DATA FOR REVIEW below:

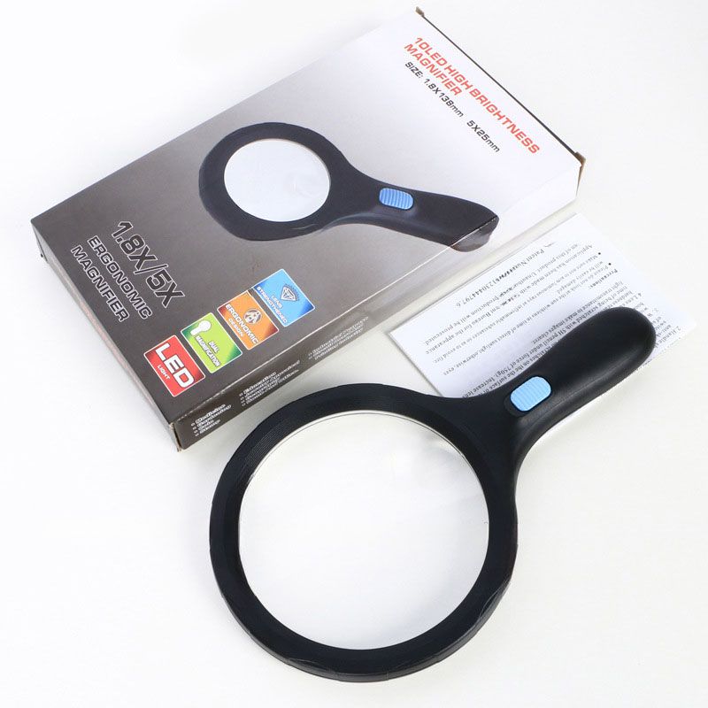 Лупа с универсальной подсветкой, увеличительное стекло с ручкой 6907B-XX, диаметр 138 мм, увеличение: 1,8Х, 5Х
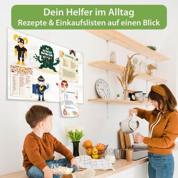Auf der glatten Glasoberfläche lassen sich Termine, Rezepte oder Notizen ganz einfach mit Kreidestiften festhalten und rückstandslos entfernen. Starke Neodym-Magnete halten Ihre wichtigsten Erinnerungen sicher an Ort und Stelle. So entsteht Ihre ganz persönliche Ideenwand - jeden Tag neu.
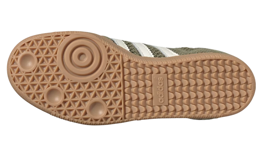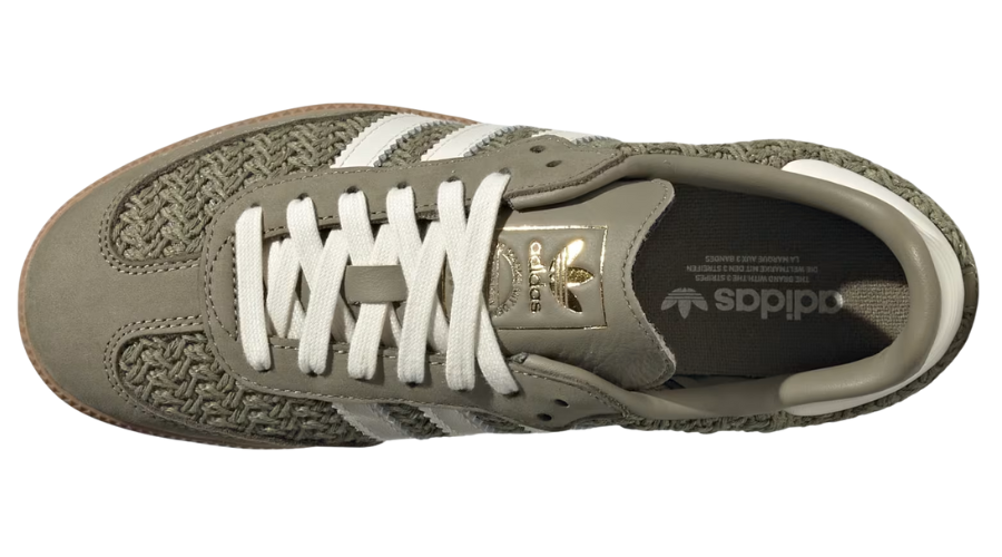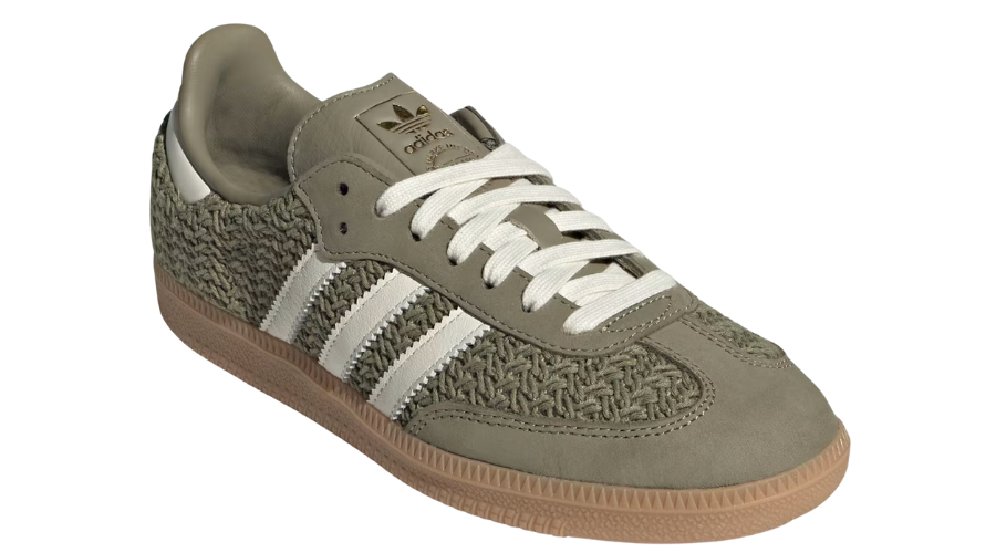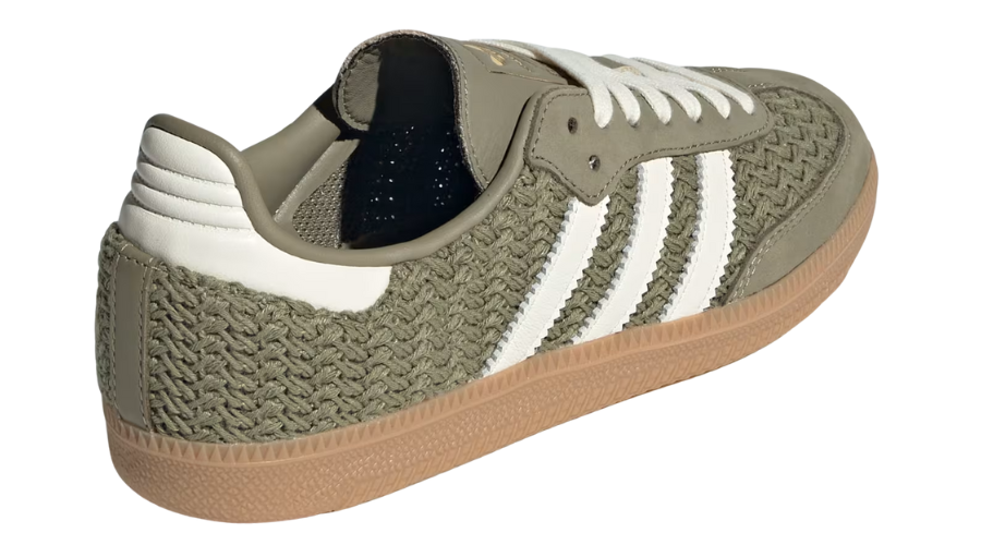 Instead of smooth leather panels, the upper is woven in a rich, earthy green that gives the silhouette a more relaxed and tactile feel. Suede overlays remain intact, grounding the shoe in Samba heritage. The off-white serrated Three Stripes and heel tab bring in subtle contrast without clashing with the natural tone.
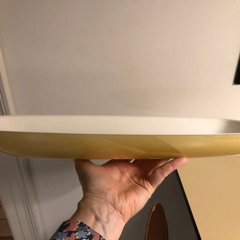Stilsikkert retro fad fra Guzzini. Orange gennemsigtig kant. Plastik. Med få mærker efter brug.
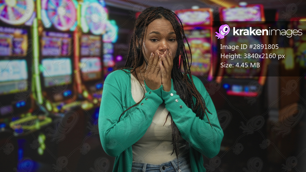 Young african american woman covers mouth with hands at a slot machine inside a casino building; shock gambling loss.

End of DATA FOR REVIEW.

PROBLEM: Give all the records again, exactly, without images.

SOLUTION FOR THIS EXERCISE:
 Лупа с универсальной подсветкой, увеличительное стекло с ручкой 6907B-XX, диаметр 138 мм, увеличение: 1,8Х, 5Х
Auf der glatten Glasoberfläche lassen sich Termine, Rezepte oder Notizen ganz einfach mit Kreidestiften festhalten und rückstandslos entfernen. Starke Neodym-Magnete halten Ihre wichtigsten Erinnerungen sicher an Ort und Stelle. So entsteht Ihre ganz persönliche Ideenwand - jeden Tag neu.
 Instead of smooth leather panels, the upper is woven in a rich, earthy green that gives the silhouette a more relaxed and tactile feel. Suede overlays remain intact, grounding the shoe in Samba heritage. The off-white serrated Three Stripes and heel tab bring in subtle contrast without clashing with the natural tone.
Stilsikkert retro fad fra Guzzini. Orange gennemsigtig kant. Plastik. Med få mærker efter brug.
 Young african american woman covers mouth with hands at a slot machine inside a casino building; shock gambling loss.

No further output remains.